We create a scheduler that sends a process message to the Actor each second. We cannot call the internal process directly, since there is no synchronization between it and the SiteCrawler Actor. Without the scheduler it might be possible that we modify toProcess variable in two places at the same time: when we add a new url to that variable (Scrap message) and when we remove the last added element from the list (process message).

When we need to get a response from an Actor, we can use the ask pattern.
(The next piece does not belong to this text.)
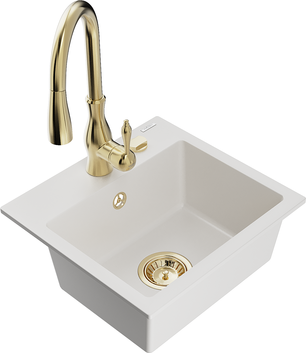 Mexen Milo кухненска мивка от гранит, 1-камерна с кухненски смесител Savita, бял - 6505-20-672601-50

It uses a ? symbol. The timeout variable implicitly defines how much time we wait before the ask fails automatically. And if it does, the process recovers with the ScrapFailure message. Finally, we send the status back to the Supervisor.

After all, we get a non-blocking Actor, which processes a website without spamming it.

Scraper

The Scraper Actor is simple. It does not contain any state (so we could use a simple Future instead of an Actor) and its purpose is to scrap the provided url and send the success flag to the sender and the scraped information to the Indexer. Here is the receive method of the Actor:

def receive: Receive = {
  case Scrap(url) =>
    println(s"scraping $url")
    val content = parse(url)
    sender() ! ScrapFinished(url)
    indexer ! Index(url, content)
}

The most interesting part of this Actor is a parse function:

def parse(url: URL): Content = {
  val link: String = url.toString
  val response = Jsoup.connect(link).ignoreContentType(true)
    .userAgent("Mozilla/5.0 (Windows NT 6.1; WOW64; rv:40.0) Gecko/20100101 Firefox/40.1").execute()

  val contentType: String = response.contentType
  if (contentType.startsWith("text/html")) {
    val doc = response.parse()
    val title: String = doc.getElementsByTag("title").asScala.map(e => e.text()).head
    val descriptionTag = doc.getElementsByTag("meta").asScala.filter(e => e.attr("name") == "description")
    val description = if (descriptionTag.isEmpty) "" else descriptionTag.map(e => e.attr("content")).head
    val links: List[URL] = doc.getElementsByTag("a").asScala.map(e => e.attr("href")).filter(s =>
      urlValidator.isValid(s)).map(link => new URL(link)).toList
    Content(title, description, links)
  } else {
    // e.g. if this is an image
    Content(link, contentType, List())
  }
}

We used a popular library for web scraping — Jsoup to get links and other information from a web page. Since it is a Java library, we needed to convert the received information to the Scala format. It is actually possible to do that with a scala.collection.JavaConverters object. We also do a simple check if the received url is a valid content, since we want to parse only html pages.

Indexer

The two main goals of the Indexer Actor is to store the sent information and to send all scraped urls to the Supervisor. To make things more fun, we print all received data before the Actor stops working.

class Indexer(supervisor: ActorRef) extends Actor {
  var store = Map.empty[URL, Content]

  def receive: Receive = {
    case Index(url, content) =>
      println(s"saving page $url with $content")
      store += (url -> content)
      supervisor ! IndexFinished(url, content.urls)
  }

  @throws[Exception](classOf[Exception])
  override def postStop(): Unit = {
    super.postStop()
    store.foreach(println)
    println(store.size)
  }
}

Summary

If you run a program, you will see a bunch of messages that it produces. They just show the stage of a processing for a url.

We have built a simple web crawler that can successfully crawl several websites. Moreover, we achieved that using Akka, we did not use standard Java multithreading techniques, just messages and Actor instances.

Source code

The source code is available on github under MIT License.